After collecting time series data, statistical analysis is necessary to obtain understanding and decide potential strategies.

Collected daily price and metrics of fee   ratio_mvrv         count_exctransfer              hash_rate          total_issurance total_liquidation              miner_revenue tansfer_value    spot_volume

Note I shifted the metrics data one day forward to make the backtesting realistic as it is exactly what data is available on that day

From 20190419 to 20240509,  transformed to daily return data, i.e. stationary data, then standardized and winsorized for data observation

Correlation map, this can view directly how these data points are correlated to each other but can’t identify if there is lead-lag correlation existing;

    From the heat map below, return_price and return_ratio_mvrv is correlation is almost 1, so is return_hash_rate and return_total _issurance, indicating these pairs are redundant data points.

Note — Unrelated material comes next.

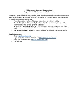 Study Guide on Supreme Court Cases for AP Gov Course Hero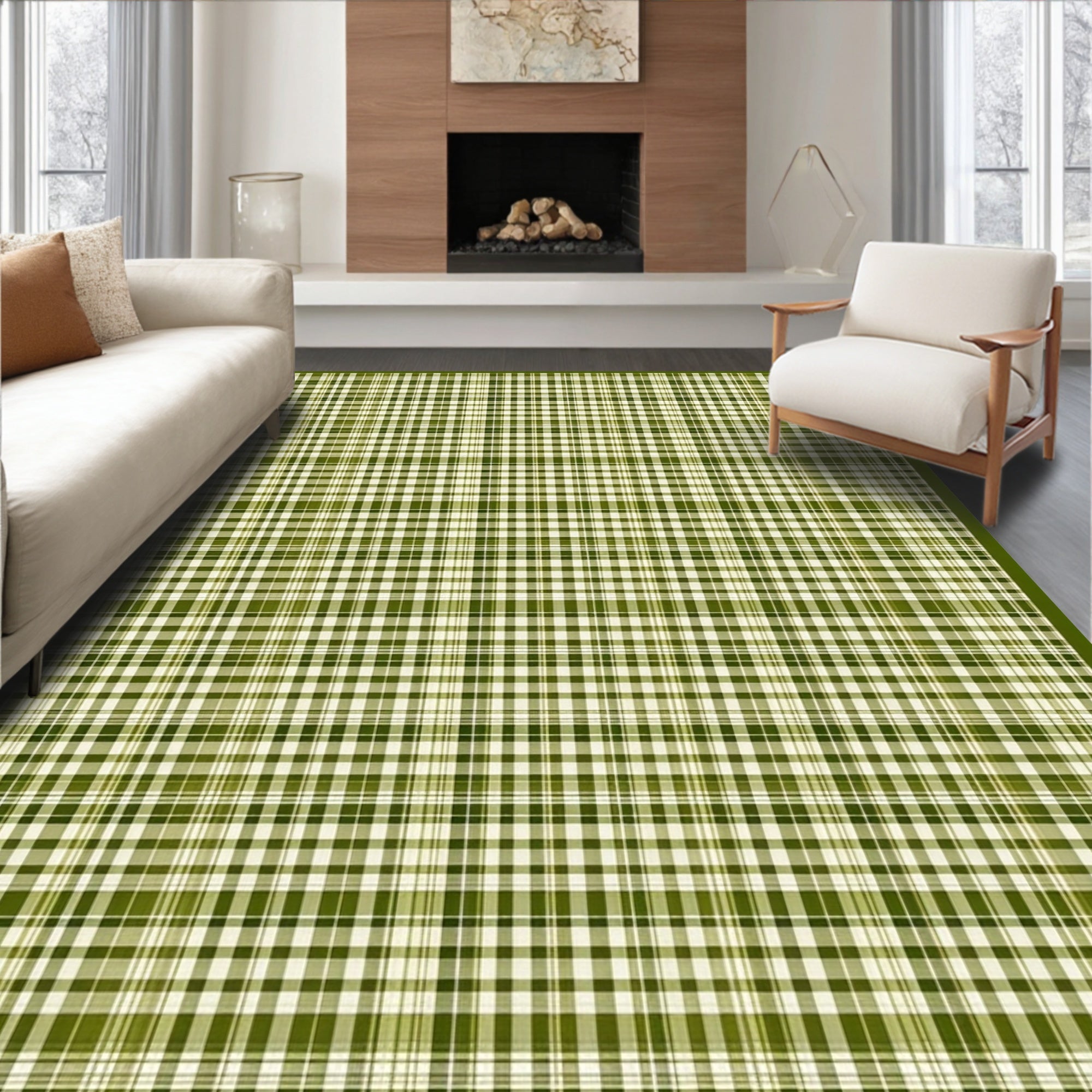 Flatwoven High Traffic Area Rug, Contemporary Layered Graphic Design, Non Slip, Stain Resistant, Washable Area Rugs for Living Room, Bedroom (Green) Overview:

    It explains why MVRV Ratio showed “strong” signal in initial momentum strategy, the ratio of MVRV is literally replication of price data, hence not meaningful to use it for investing

    Moreover, return_fee, total_liquidation and miner_revenue also demonstrates correlation: 0.19, 0.19 and 0.25 with price daily return

    Cross Correlation Function (CCF) to verify and identify if there are data points highly correlated in lead-lag fashion. Consistent with correlation matrix above, mvrv has high correlation with price return in a lag fashion, so is miner revenue and price return, but not as strong, while spot volume doesn’t have such effect with price return.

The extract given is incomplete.